Images posted on social media showed protesters threw stones at the official administration building and took down and burned the Islamic republic’s flag. Residents, including women without headscarves, marched through the streets.

Authorities sent reinforcements to the area and the sound of gunfire echoed around the city as night fell, Hengaw added.

‘Fundamental changes’

Kurdish-populated regions have been the crucible of protests since the death of Amini, herself a Kurd from the town of Saqez in Kurdistan province.

Universities have also emerged as major protest hotbeds.
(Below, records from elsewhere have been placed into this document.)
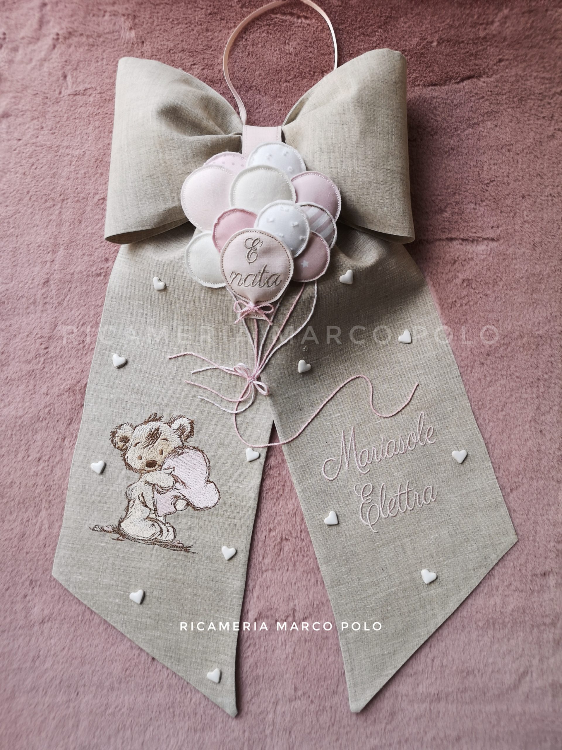 Fiocco nascita in purissimo lino tortora. Il ricamo di un tenero orsetto che tiene un cuscino a forma di cuore, un gruppo di palloncini che volano in alto. e in uno di questi palloncini la scritta “E’ nata”. Delicati cuoricini in ceramica panna completano tutto.
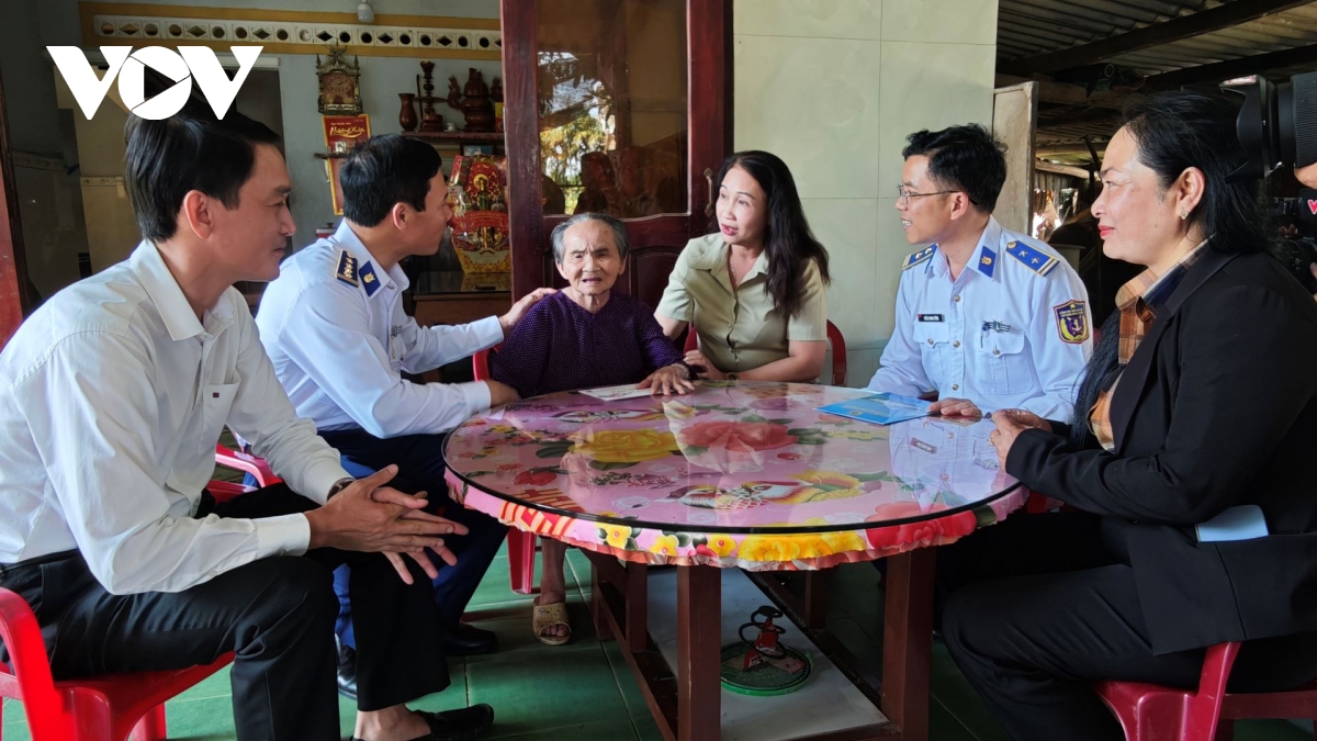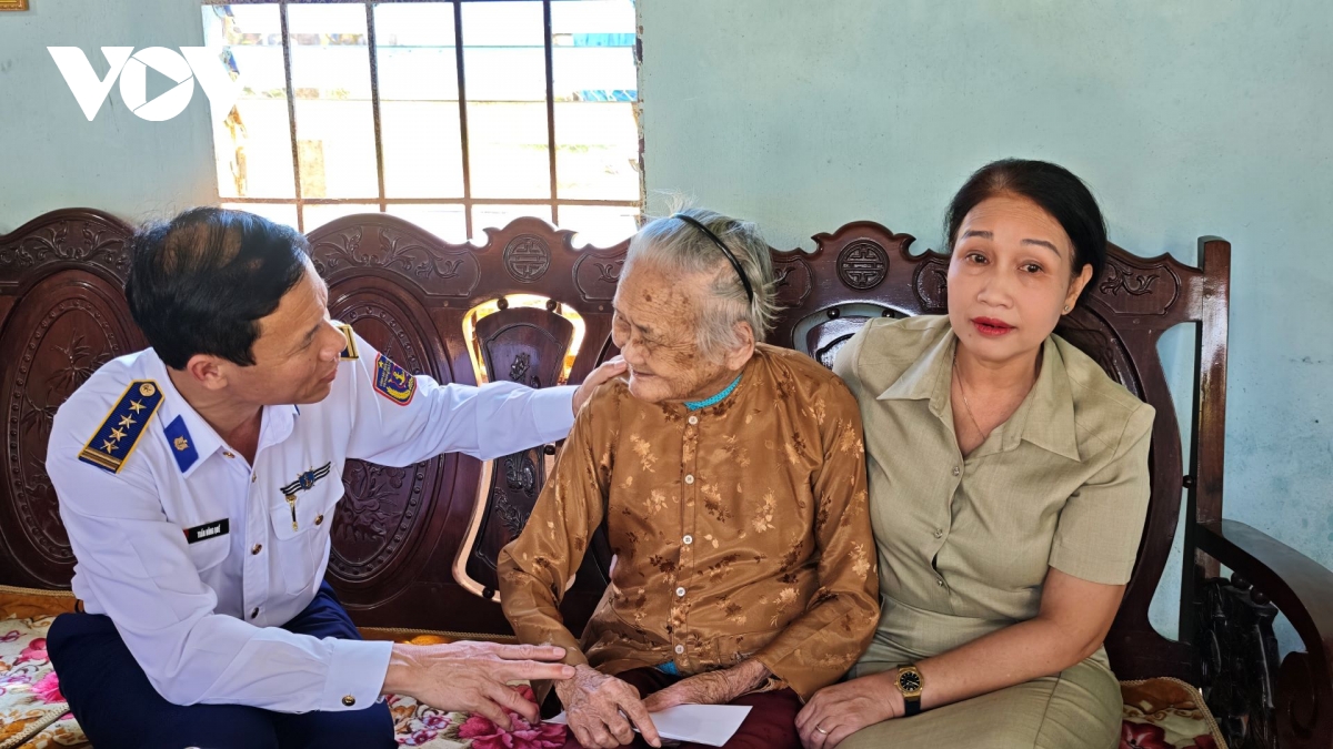Đại tá Trần Hồng Quế, Phó Chính ủy Vùng Cảnh sát biển 2 và bà Võ Thị Tuyết Nhung, Phó trưởng Ban Tuyên giáo và Dân vận Tỉnh ủy Quảng Ngãi thăm, tặng quà Mẹ Việt Nam anh hùng Nguyễn Thị Trợ, ở thôn Mỹ Danh, xã Ba Gia.
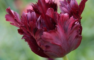 Black Parrot er en såkaldt papegøje-tulipan med trævlede, lidt forvredne kronblade i en flot sort farve. En temmelig gammel sort, som bliver 40-50 cm høj og blomstrer i maj. Kræver jævnlig fornyelse.
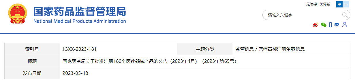 2023年4月,國家藥監(jiān)局共批準注冊醫(yī)療器械產(chǎn)品180個。其中,境內(nèi)第三類醫(yī)療器械產(chǎn)品125個,進口第三類醫(yī)療器械產(chǎn)品21個,進口第二類醫(yī)療器械產(chǎn)品33個,港澳臺醫(yī)療器械產(chǎn)品1個(具體產(chǎn)品見附件)。
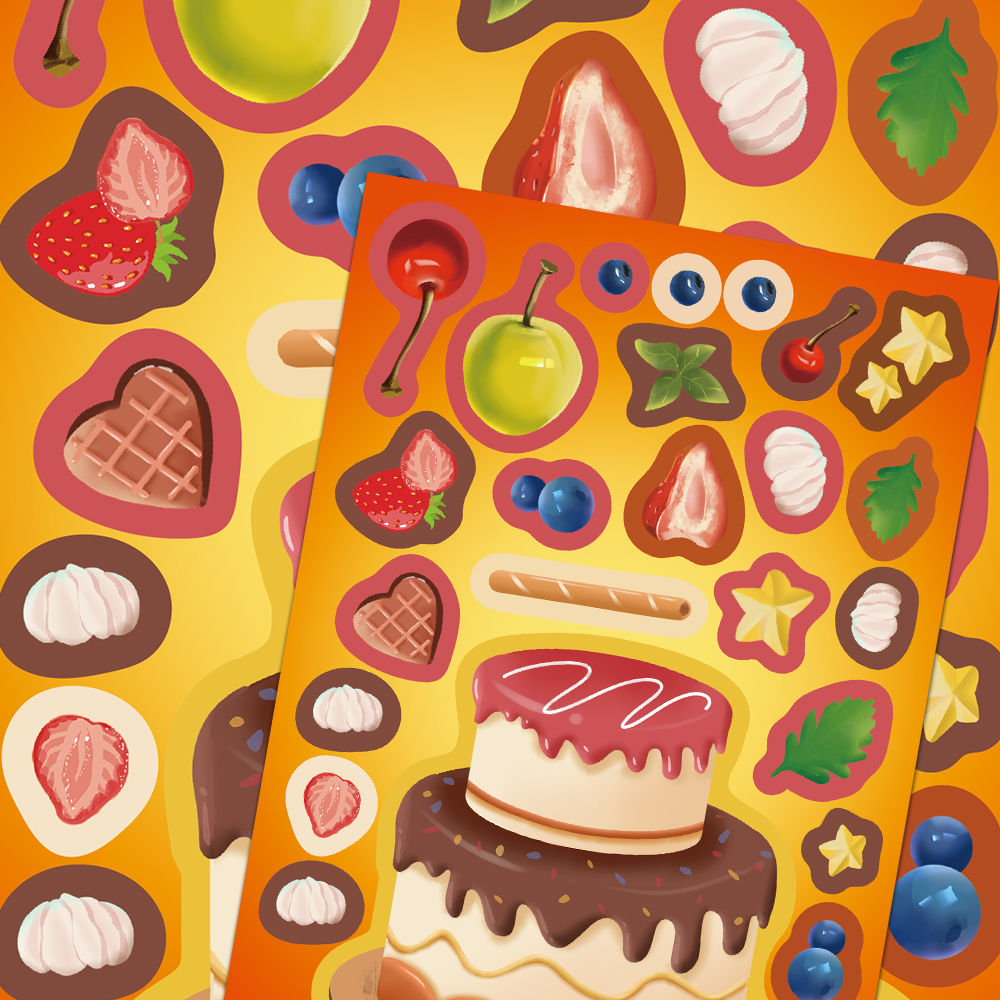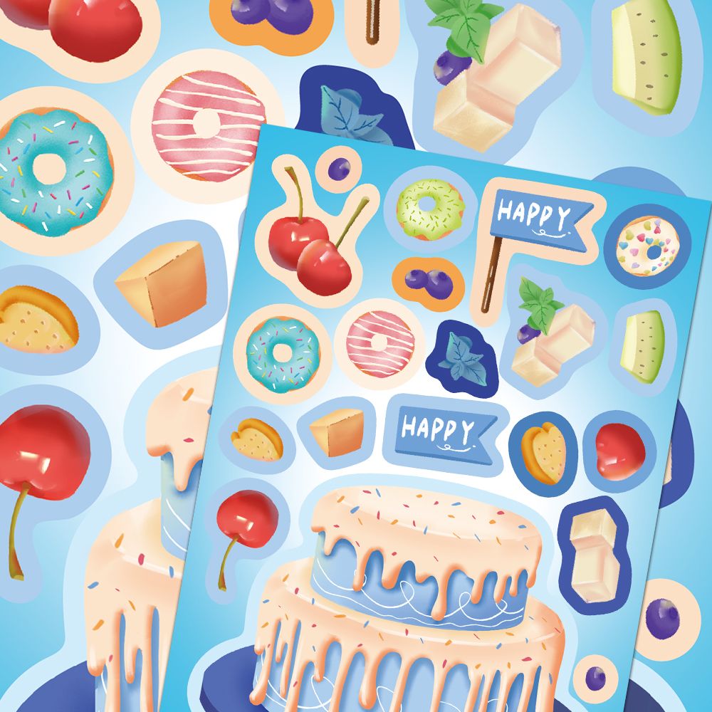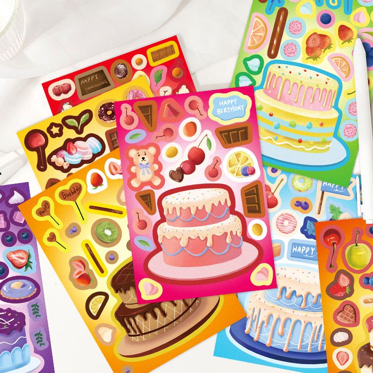 美味千层蛋糕拼图贴纸生日快乐儿童手账DIY装饰创意动脑拼图贴画

Iran Human Rights (IHR), a Norway-based organization, said students at Sharif University in Tehran were staging sit-ins Sunday in support of arrested colleagues.

Students at the university in Babol in northern Iran meanwhile removed gender segregation barriers that by law were erected in their cafeteria, it added.

The protests have been sustained by myriad different tactics, with observers noting a relatively new trend of young people tipping off clerics’ turbans in the streets.

IHR said Saturday that at least 186 people have been killed in the crackdown on the Mahsa Amini protests, up by 10 from Wednesday.

It said another 118 people had lost their lives in distinct protests since September 30 in Sistan-Baluchistan, a mainly Sunni Muslim province in the southeast, presenting a further major headache for the regime.

IHR said security forces killed at least 16 people with live bullets when protests erupted after prayers on Friday in the town of Khash in Sistan-Baluchistan.

“Iranians continue taking to the streets and are more determined than ever to bring fundamental changes,” said IHR director Mahmood Amiry-Moghaddam. “The response from the Islamic republic is more violence.”